Why do companies offer bonus shares?

Say Wipro's stock price was quoting at 1500. Now wipro announces a bonus of 2:1 , i.e for every share, two shares will be additionally given. So logically what do you think should happen? Since at that point of time, there is no real increase in output of the company (i.e no major increase in projected earnings just because a stock is split/ technically no increase in P/E or earnings momentum), the stock should ideally come down to 1/(1+2) = 1/3rd its price. i.e. 500. So i think, Wipro was quoting 1580 at that time and it should have come to around 525 and that is roughly what it is quoting.
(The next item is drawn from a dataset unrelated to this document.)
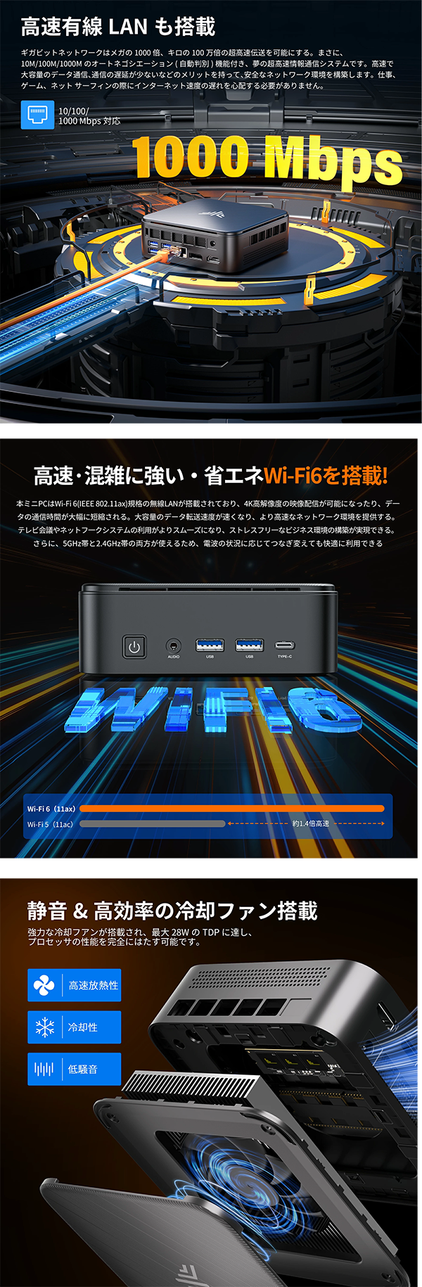 - Wi-Fi 6や3画面同時出力など、機能面も充実しています。

Then, Why does a company issue bonus shares?
a) A high denomination share is not easily tradable on the market! ppl would like to trade in lower denominations of good shares. So a stock split helps in increasing the liquidity of the share.

b) Generally, the company thinks that the valuation of the share might be better in the future and it splits the share so that it is tradable. It is a virtuous cycle - lower denomination vs price rise :-). So it is a confidence building measure in the stock by the company.

c) In the short run, the valuation might increase (more speculative than real)! but anyways, stock market is kind of speculative ;-)

d) Another reason (similar to stock buyback) could be the tax benefits. Shareholders can use the capital loss due to reduced stock price to set off the capital gains.